Provided data -
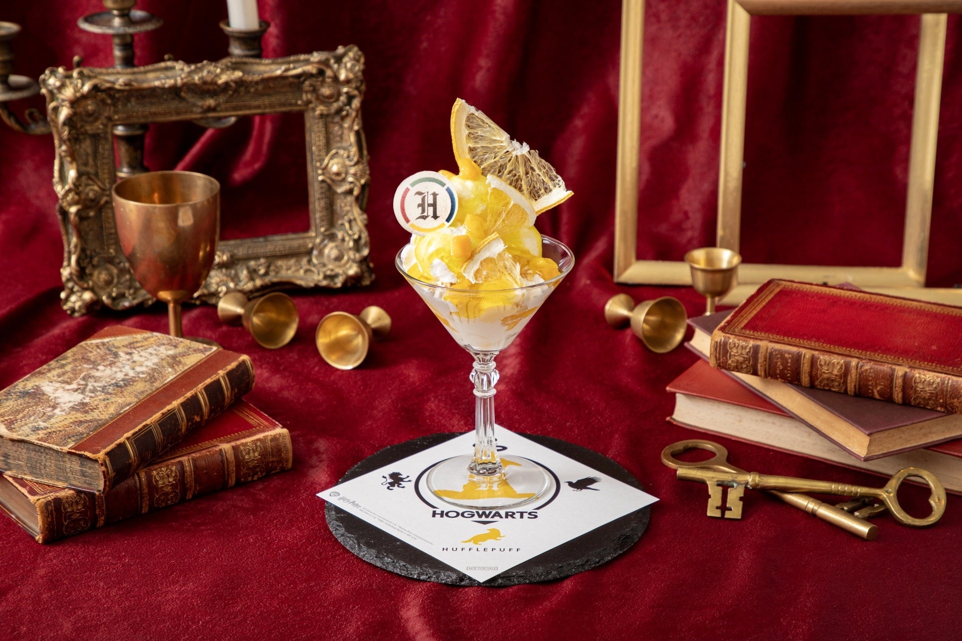 パンナコッタやバニラとヨーグルトの2種のアイスをのせ、ハッフルパフを象徴するカラーをイメージしたレモンソースで仕上げたパフェです。
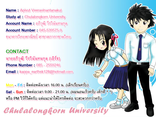 ติดต่อ : เอิร์ธ 085-2559246 ได้เลยครับ
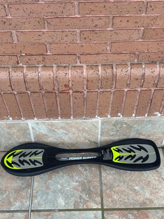 Waveboard Power Surfer con un diseño moderno y llamativo. - Plataformas con agarre antideslizante. - Diseño en negro con detalles en verde lima.
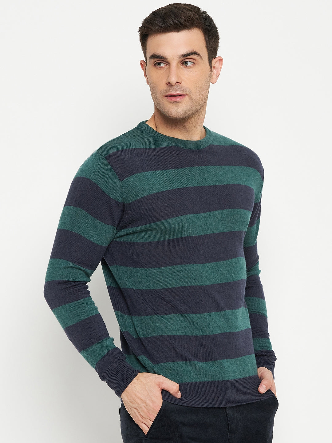 Striped Navy Blue Full Sleeves Round Neck Regular Fit Casual Sweater for Men
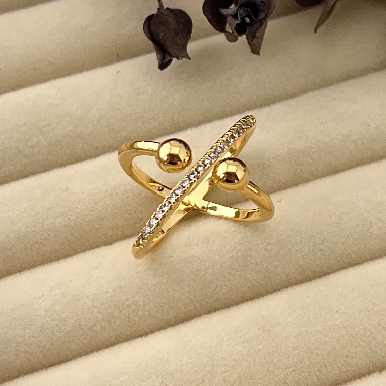 O Anel aro 13 cravejado e bolas lisas é a união perfeita entre brilho e delicadeza. Seu design combina detalhes cravejados com esferas lisas, criando um contraste elegante que valoriza ainda mais a peça.
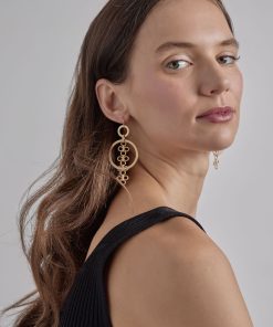 Misook Women’s Hammered Warm 18k Gold Olive Resin & Sage Bead Drop Earrings | Matte Gold
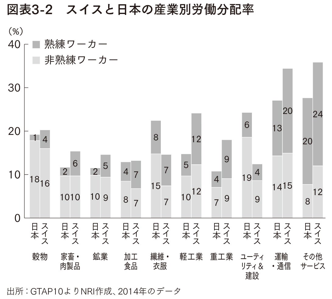 図表3-1で表現したように、スイスと日本の産業構造をチーズにたとえるなら、上から見たチーズの切れ目(GDPの産業別比率)は似ているが、横から見たチーズの厚み(収益率)はスイスの方が厚い、ということになる。
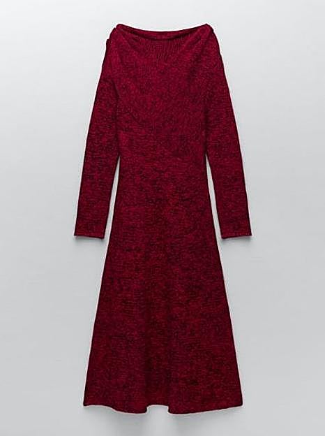 Se trata de un vestido de punto y tejido jaspeado en rojo y negro con un diseño de lo más original y favorecedor: escote abierto, falda de corte evasé y manga francesa. Cuesta 49,95 euros y es una prenda que tiene todas las papeletas para ser una de las favoritas del momento por lo bien que queda, pero también por lo ponible que es.
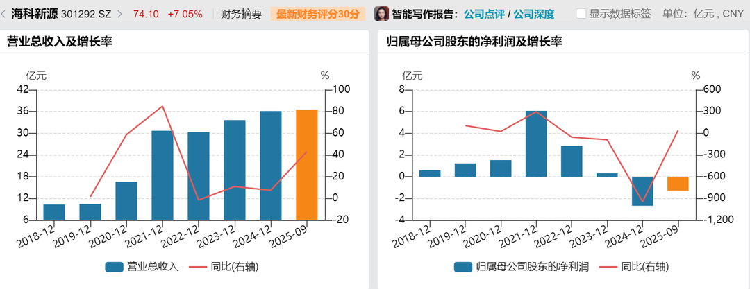 据海科新源2024年年报,报告期内营业收入为36.15亿元,同比增长7.49%;归母净利润为-2.67亿元,同比下降944.35%。海科新源在年报中表示,业绩亏损主要有三方面原因。
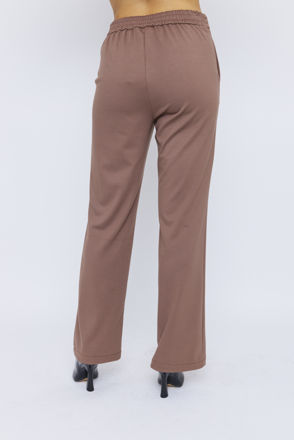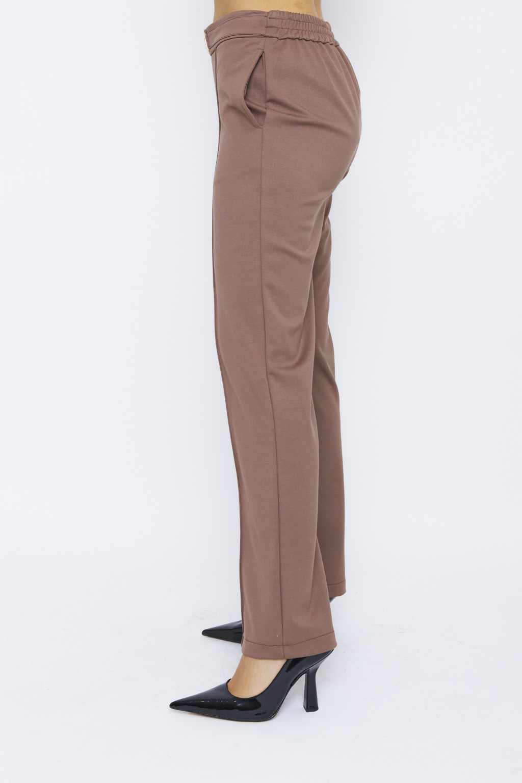 PEARL női elegáns nadrág tűzött éllel és arany díszcsattal – kényelmes gumis derekú nadrág,barna,M,Tara X Viktori
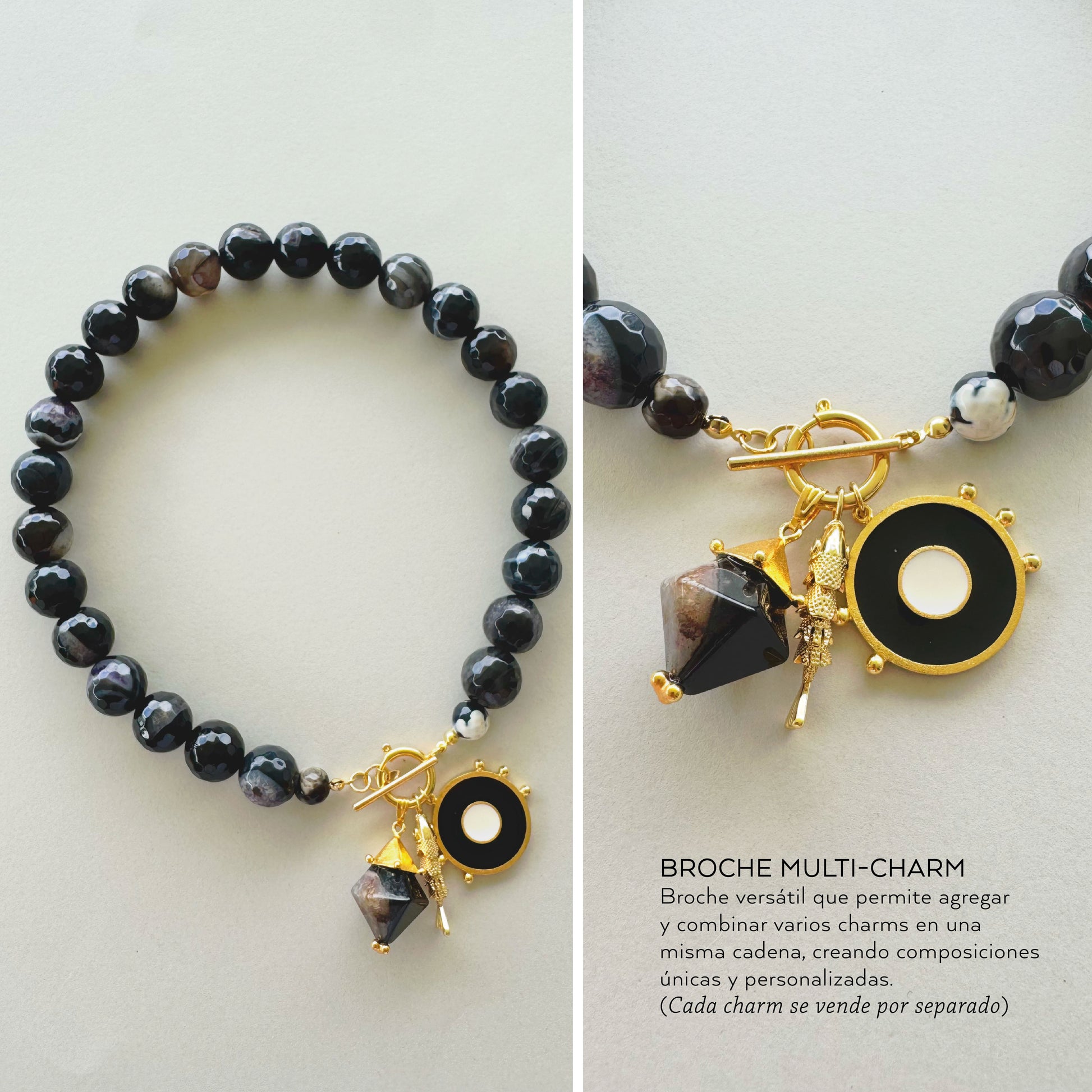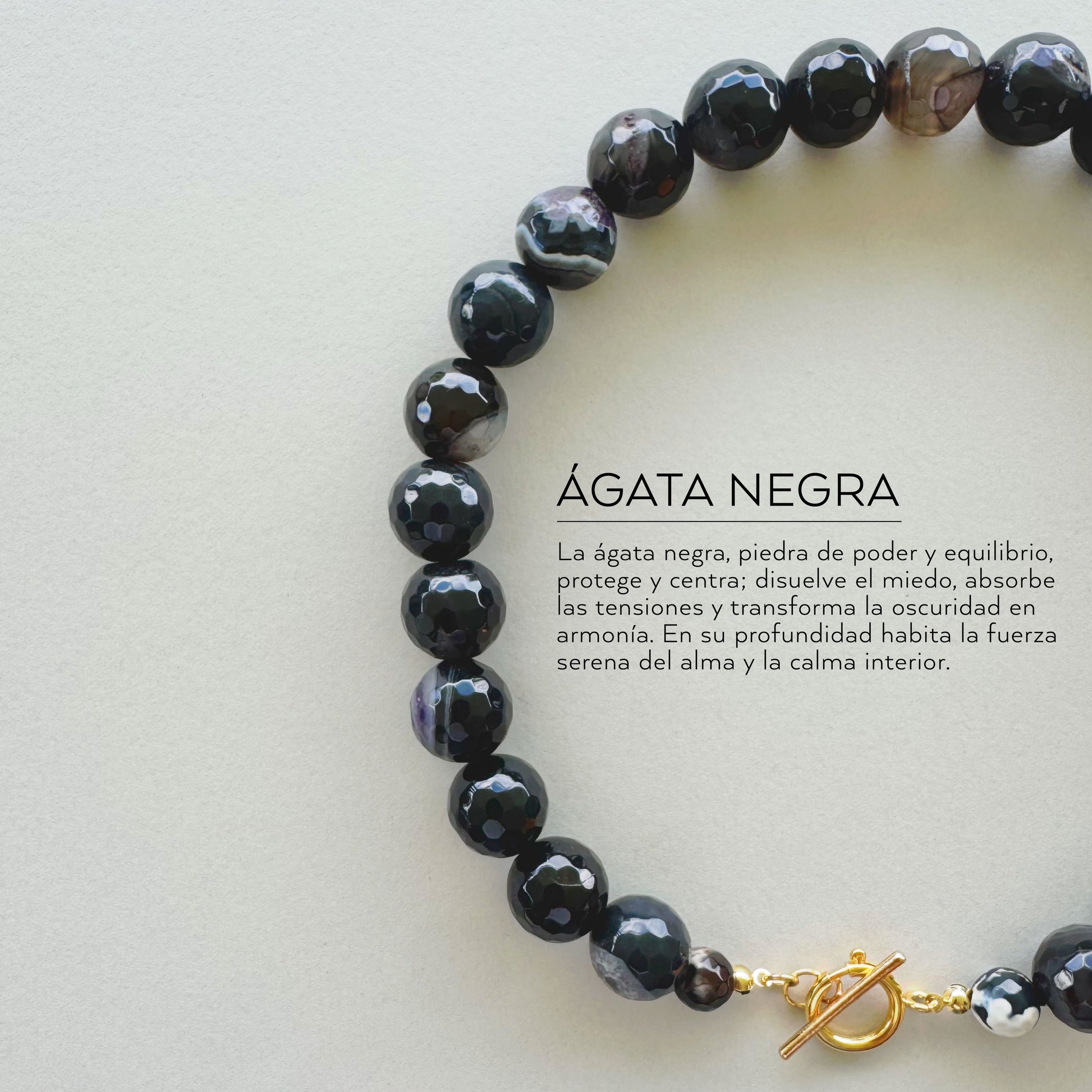Este colar está elaborado con ágatas negras de 16 mm. De 45 cm de longitud, incorpora un broche tipo T multicharm que permite personalizarlo con dijes y amuletos. Puede usarse con el broche al frente, como punto focal lleno de intención, o hacia atrás, dejando que las piedras expresen su poder silencioso.
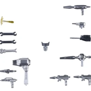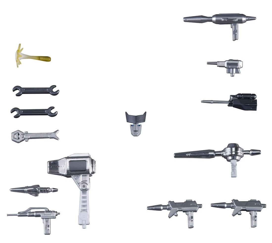 Accessories : Missile launcher, missile, static laser gun, 2 laser pistols, x-ray blaster, repair beam emitter, repair beam effect, 2 cyber spanners, magno-wrench, laser scalpel, arc-welder, repair bay, 2 faces, cardstock EKG image

Your goal - Provide the listing above once more, exactly, with the pictures removed.

Your response -
 パンナコッタやバニラとヨーグルトの2種のアイスをのせ、ハッフルパフを象徴するカラーをイメージしたレモンソースで仕上げたパフェです。
 ติดต่อ : เอิร์ธ 085-2559246 ได้เลยครับ
 Waveboard Power Surfer con un diseño moderno y llamativo. - Plataformas con agarre antideslizante. - Diseño en negro con detalles en verde lima.
 Striped Navy Blue Full Sleeves Round Neck Regular Fit Casual Sweater for Men
 O Anel aro 13 cravejado e bolas lisas é a união perfeita entre brilho e delicadeza. Seu design combina detalhes cravejados com esferas lisas, criando um contraste elegante que valoriza ainda mais a peça.
 Misook Women’s Hammered Warm 18k Gold Olive Resin & Sage Bead Drop Earrings | Matte Gold
 図表3-1で表現したように、スイスと日本の産業構造をチーズにたとえるなら、上から見たチーズの切れ目(GDPの産業別比率)は似ているが、横から見たチーズの厚み(収益率)はスイスの方が厚い、ということになる。
 Se trata de un vestido de punto y tejido jaspeado en rojo y negro con un diseño de lo más original y favorecedor: escote abierto, falda de corte evasé y manga francesa. Cuesta 49,95 euros y es una prenda que tiene todas las papeletas para ser una de las favoritas del momento por lo bien que queda, pero también por lo ponible que es.
 据海科新源2024年年报,报告期内营业收入为36.15亿元,同比增长7.49%;归母净利润为-2.67亿元,同比下降944.35%。海科新源在年报中表示,业绩亏损主要有三方面原因。
 PEARL női elegáns nadrág tűzött éllel és arany díszcsattal – kényelmes gumis derekú nadrág,barna,M,Tara X Viktori
Este colar está elaborado con ágatas negras de 16 mm. De 45 cm de longitud, incorpora un broche tipo T multicharm que permite personalizarlo con dijes y amuletos. Puede usarse con el broche al frente, como punto focal lleno de intención, o hacia atrás, dejando que las piedras expresen su poder silencioso.
 Accessories : Missile launcher, missile, static laser gun, 2 laser pistols, x-ray blaster, repair beam emitter, repair beam effect, 2 cyber spanners, magno-wrench, laser scalpel, arc-welder, repair bay, 2 faces, cardstock EKG image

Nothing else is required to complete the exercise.